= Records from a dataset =
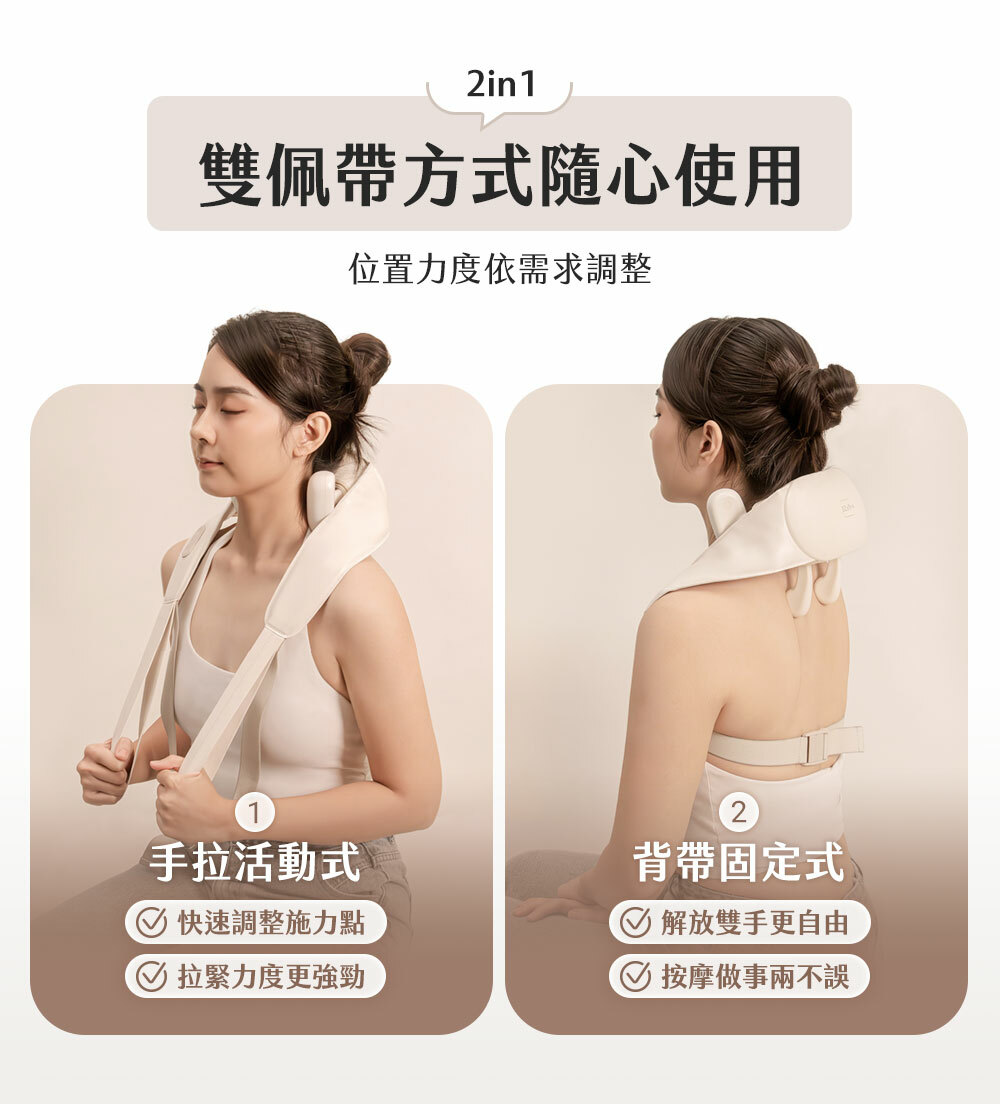 創新的雙穿戴設計,可自由選擇手持或使用背帶固定,真正解放雙手。矽膠材質易於清潔,全家人都能安心共用。不僅是肩膀按摩器,還可用於背部、腰部等多部位按摩,讓放鬆變得更全面!
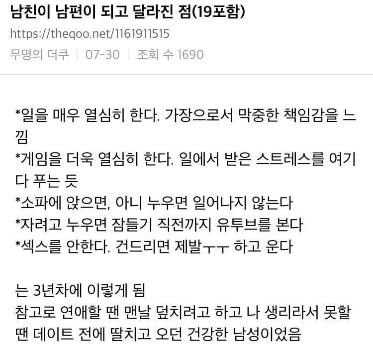 남자친구가 남편이 되고 달라진 점
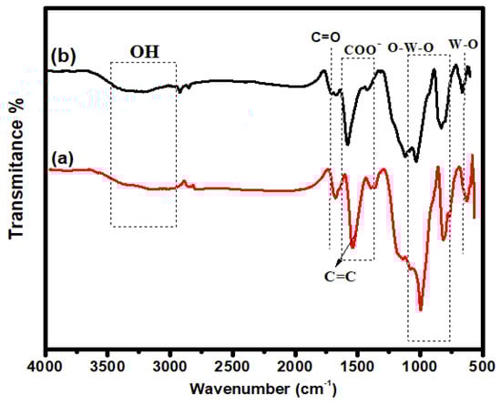 FTIR spectra: (a) FeWO4/GO; (b) I-FeWO4/GO.
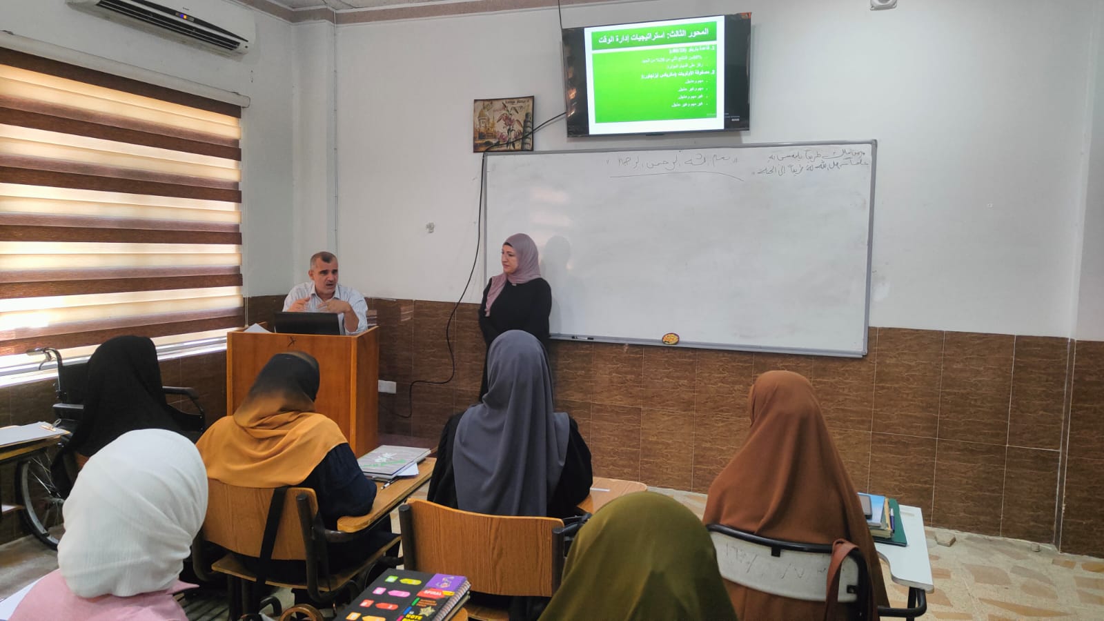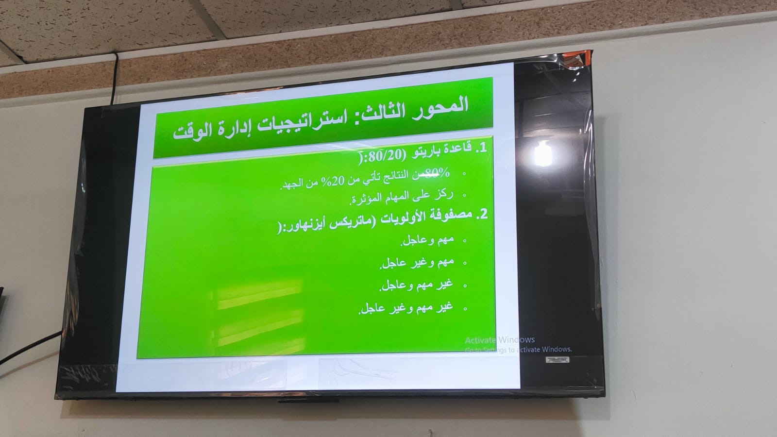 ورشة بعنوان (مهارات ادارة الوقت ). تناولت الورشة الخاصة بموضوع المهارات التخصصية/ مهارات ادارة الوقت اهمية ادارة الوقت والهدف من ذلك، المحور الأول الخاص بأهمية ادارة الوقت والغاية من ذلك . أما المحور الثاني: معوقات ادارة الوقت. واخيرا وليس إخرا تناول المحور الثالث:استراتيجات ادارة الوقت .
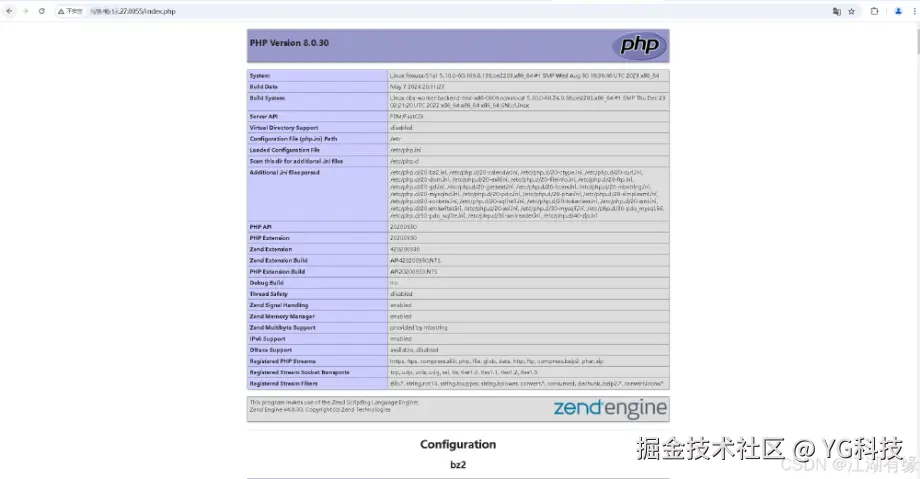 测试 PHP 是否安装成功,通过浏览器访问http://IP地址:8055/index.php,将IP替换为自己华为云Flexus云服务器X实例的弹性公网IP地址。判断PHP是否安装成功,当可以正常PHP信息的web界面,则表示PHP正常安装。
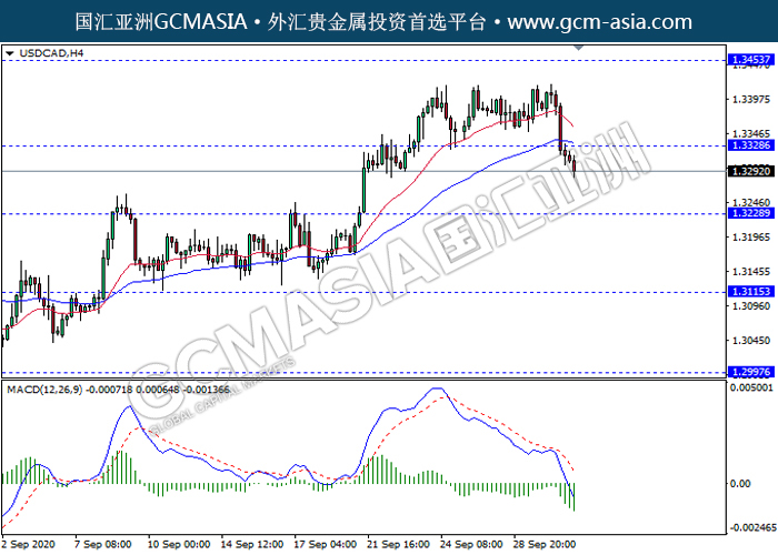 USDCAD,H4:美加突破前期支撑,空头排列。MACD动能持续略减,中期继续看空为主。上方关注1.3330压力和1.3455压力,下方关注1.3230支撑1.3115支撑。
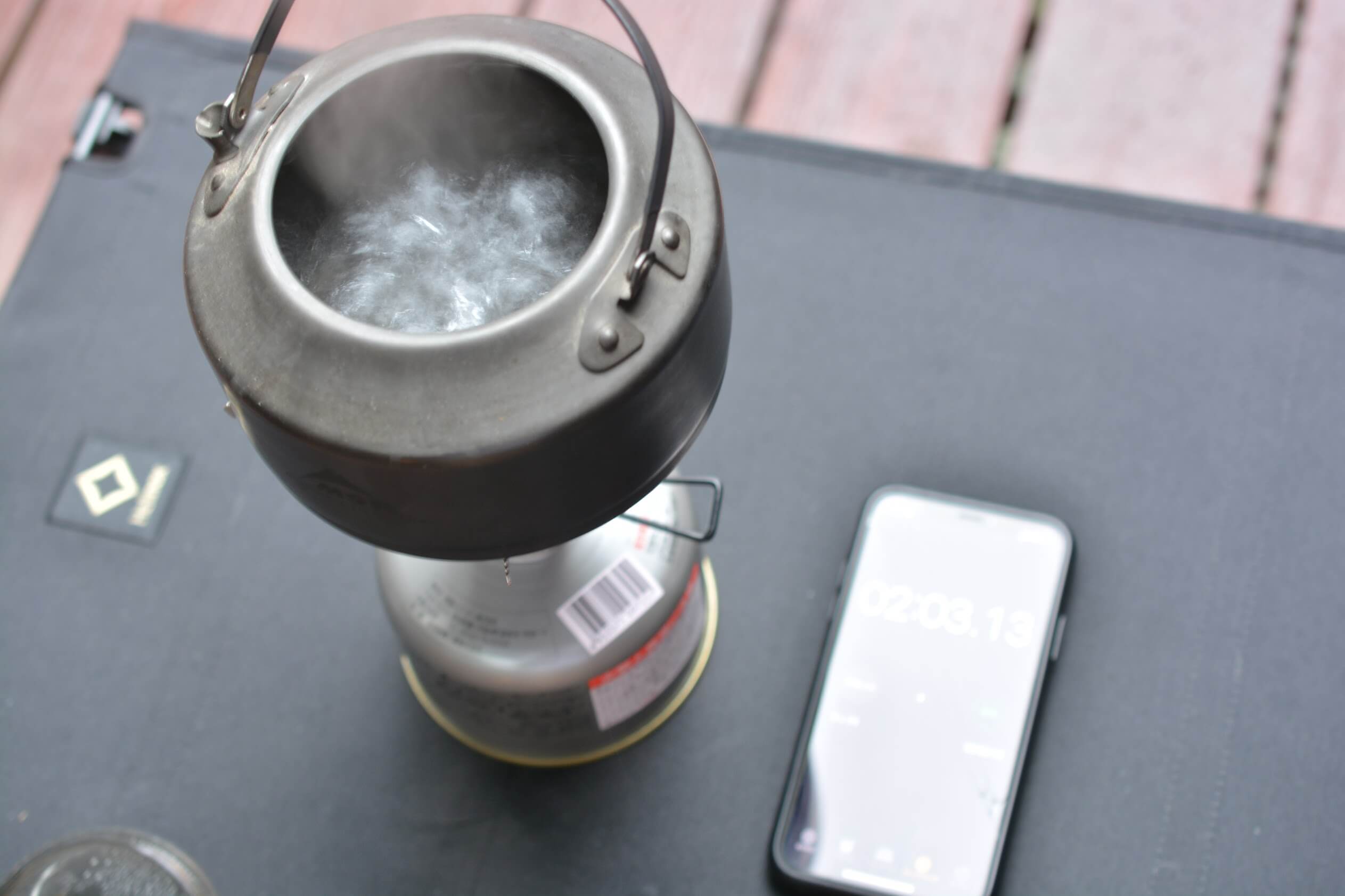 水道水を500mml用意し、完全に沸騰するまでの時間を計測。気温は12度、湿度79%。ガスの出力つまみをMAXまで調整し点火。
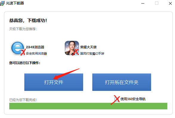 安装成功之后,同样地,大家还是先将可选项进行“去勾选”操作,再点击【打开文件】,此时腾讯桌面整理安装完成,我们可以开始使用。
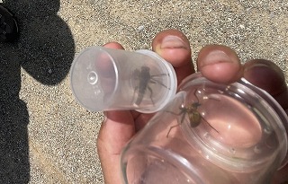 エンマコオロギ、ショウリョウバッタモドキ、マダラバッタ、ヒシバッタ、カマキリ、アブラゼミ、キマダラカメムシ、ササキリ、コクワガタ、

= WORK TASK =
In the data above, please extract the lines from the first one through the line with "FTIR spectra: (a) FeWO4/GO; (b) I-FeWO4/GO.", exactly, and keep pictures out.

= RESULT =
 創新的雙穿戴設計,可自由選擇手持或使用背帶固定,真正解放雙手。矽膠材質易於清潔,全家人都能安心共用。不僅是肩膀按摩器,還可用於背部、腰部等多部位按摩,讓放鬆變得更全面!
 남자친구가 남편이 되고 달라진 점
 FTIR spectra: (a) FeWO4/GO; (b) I-FeWO4/GO.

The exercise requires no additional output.